**Course Outline for Math 240BC (Winter-Spring 2007)**

**Differential Geometry**

PLEASE NOTE TIME AND ROOM CHANGE: MWF 12 noon, SH 4519

Instructor: J. Douglas Moore

Prerequisites: 240A or 221C or consent of
instructor

**Tentative
Outline of the Course:**
Roughly
speaking, differential geometry is the application of ideas from calculus (or
from analysis) to geometry. It has important connections with topology, partial
differential equations and a subtopic within differential geometry---Riemannian
geometry---is the mathematical foundation for general relativity. Another
branch of differential geometry, connections on fiber bundles, is used in the
standard model for particle physics.

This course will describe the foundations of
Riemannian geometry, including geodesics and curvature, as well as connections
in vector bundles, and then go on to discuss the relationships between
curvature and topology. Topology will presented
in two dual contrasting forms, de Rham cohomology and Morse homology.

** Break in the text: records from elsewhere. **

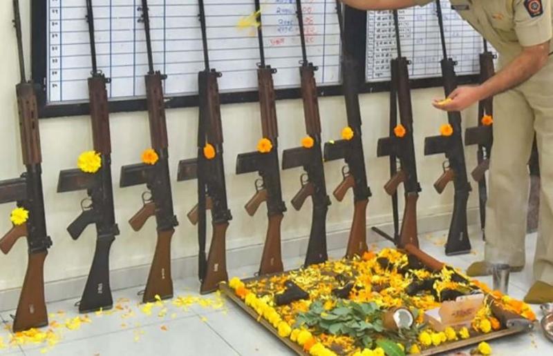 शस्त्र पूजन के लिए, सुबह स्नान ध्यान आदि करके शस्त्रों की गंगाजल से सफाई कर लें और पूजा मुहूर्त में  साफ वस्त्र बिछाकर सभी शस्त्रों को उसपर रख लें। उनके ऊपर दशहरा पूजा सामिग्री अक्षत, पुष्प, रोली, अक्षत, चंदन इत्यादि छिड़क कर धूप दीप से विधि विधान से पूजन करें।
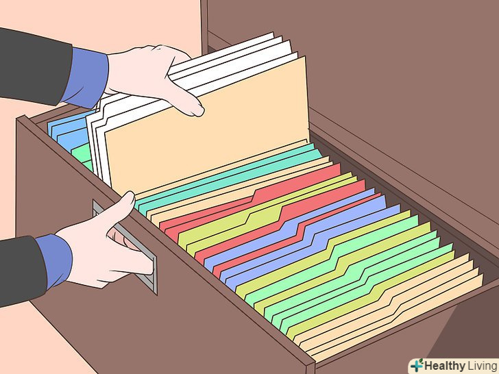 Розберіться з безладом в паперах.неорганізовані папери створюють хаос і ускладнюють пошук важливих документів в потрібний момент. Розсортуйте окремі папери за категоріями, наприклад податкові документи, гарантійні талони та інструкції, банківські виписки і так далі. Купуйте шафку для зберігання документів або папки для важливих паперів. Не забувайте відразу ж відправляти в сміттєвий кошик непотрібні папірці (рекламні листівки, магазинні каталоги). Щоб зменшити кількість паперів, підключіть послугу онлайн-банкінгу та оплату комунальних рахунків через Інтернет.[5]
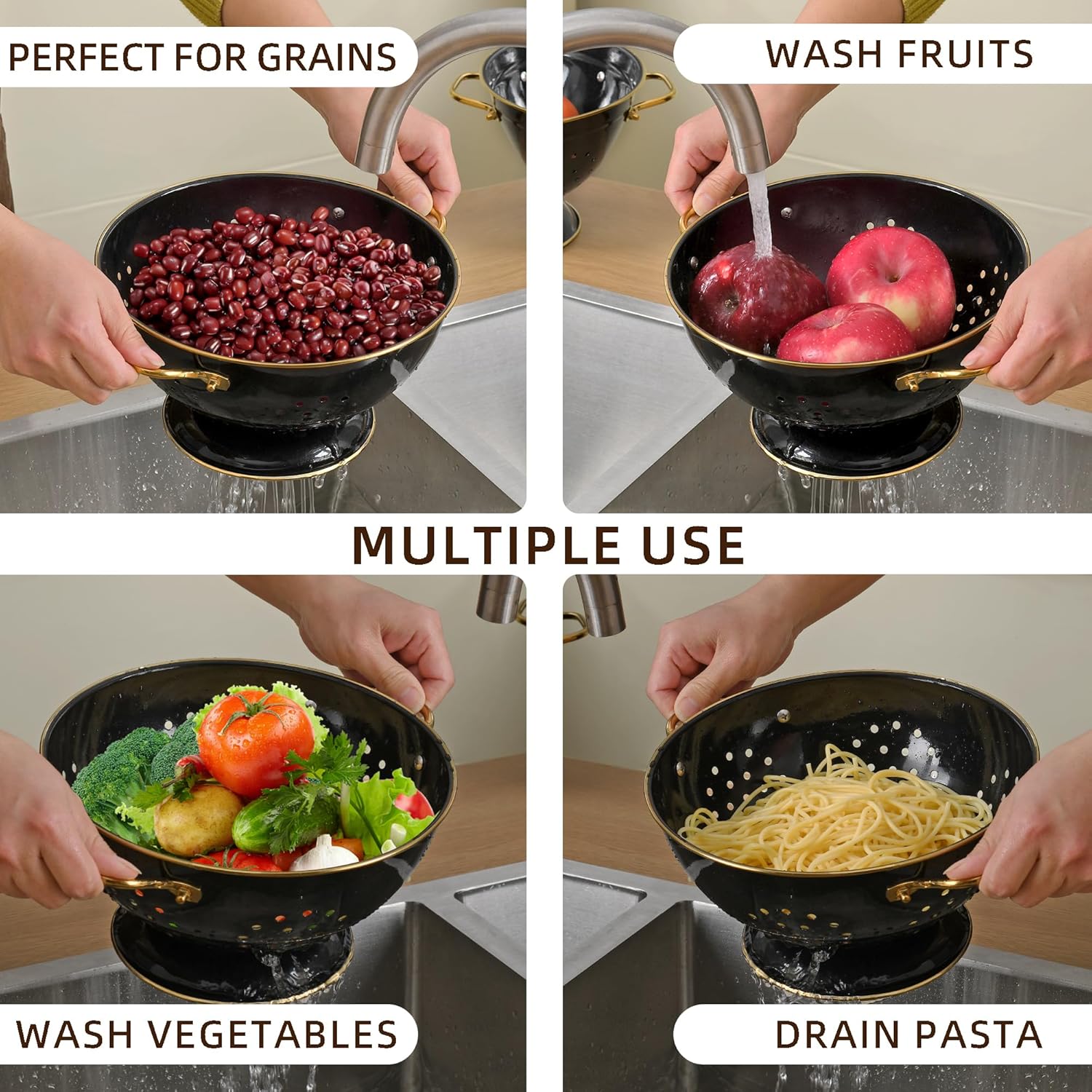 - (The colour is a glittery black, which is a very unusual colour and contains glitter, not a flaw!) 2 Different Sizes : BeFare kitchen colander set include 3-Quart and 5-Quart, it's available for daily and party use, and it could be a good decoration as well.
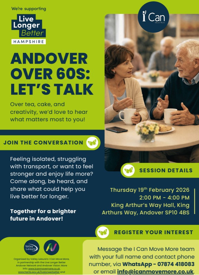 Feeling isolated, struggling with transport, or want to feel stronger and enjoy life more? Come along, be heard, and share what could help you live long better over tea, cake, and creativity, we'd love to hear what matters most to you! Register your interest - Message the I Can Move team, with your full name and contact phone number, via Whatsapp - 07874 418083 or email info@icanmovemore.co.uk Together for a brighter future in Andover!
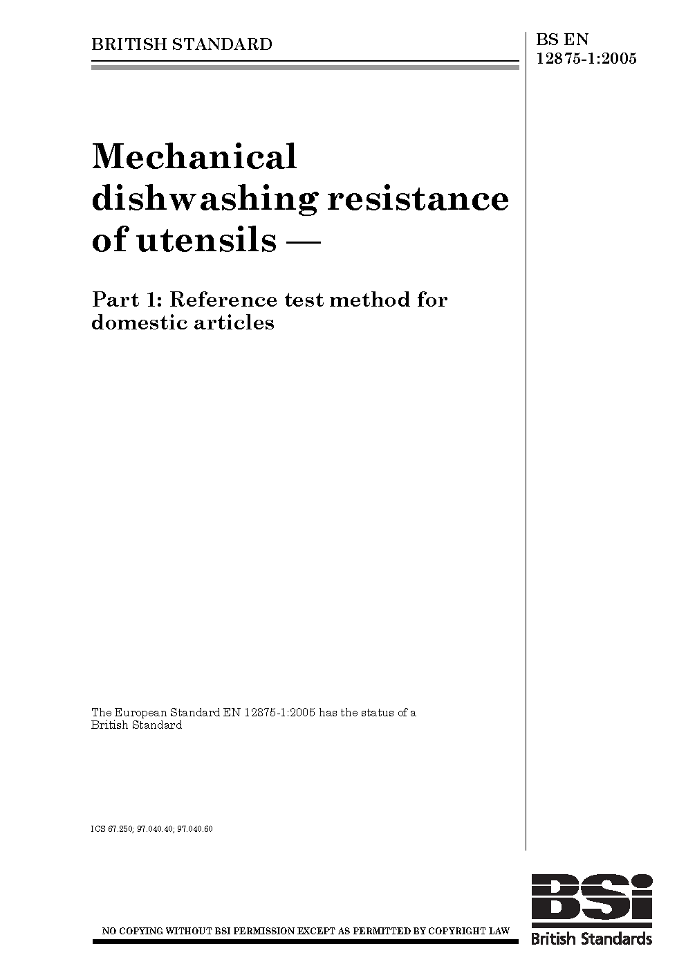 Catering equipment;Glass ceramics;Ceramics;Kitchen utensils;Mechanical cleaning;Testing conditions;Washing tests;Metals;Vitreous enamel;Domestic;Glass;Dishwashing machines;Inspection;Plastics
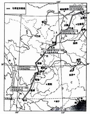 为再现普洱茶这一神奇的品性,“云南普洱●瑞贡京城”组委会组织了一支马帮队伍,从2005年5月到10月,重走贡茶之旅(如图1)。读图,完成3-4题。
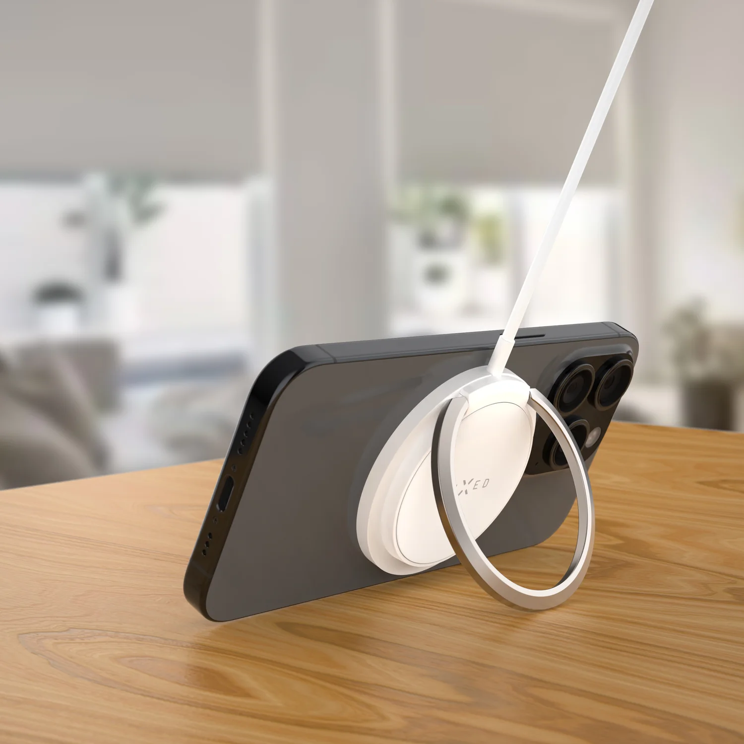 FIXED MagPad s podporou uchytenia MagSafe a stojanom, 15W, biela - bezdrôtová nabíjačka

To provide background for the second idea, we will describe
some of the calculus of variations in the large originally developed by Marston
Morse. This theory shows, for
example, that many Riemannian manifolds have many geometrically distinct smooth
closed geodesics. If time permits,
we may give a brief mathematical introduction to general relativity, one of the
primary applications.

**Recommended References: **
We will develop lecture notes for
the course. However, there are
many excellent texts that can help supplement the notes, including:

1. William
M. Boothby, An Introduction to Differentiable Manifolds and Lie Groups, Second
Edition, Academic Press, New York, 2003.
(The first four chapters of this text were discussed in Math 240A. Math 231C also presents manifold theory.)

2. Manfredo P. do Carmo,
Riemannian Geometry, Birkhauser,
Boston, 1992. This is one of the
standard references on the topic.

3. John
M. Lee, Riemannian Manifolds, Springer, 1997. A short readable overview.

4. Jurgen Jost,
Riemannian Geometry and Geometric Analysis, Fifth
Edition, Springer, 2008. Contains
much more than can be discussed in the course. One of the few book treatments of Morse homology.

5. John
Milnor, Morse Theory, Princeton University Press, Princeton, 1969. The classic treatment of the topology
of critical points of smooth functions on manifolds.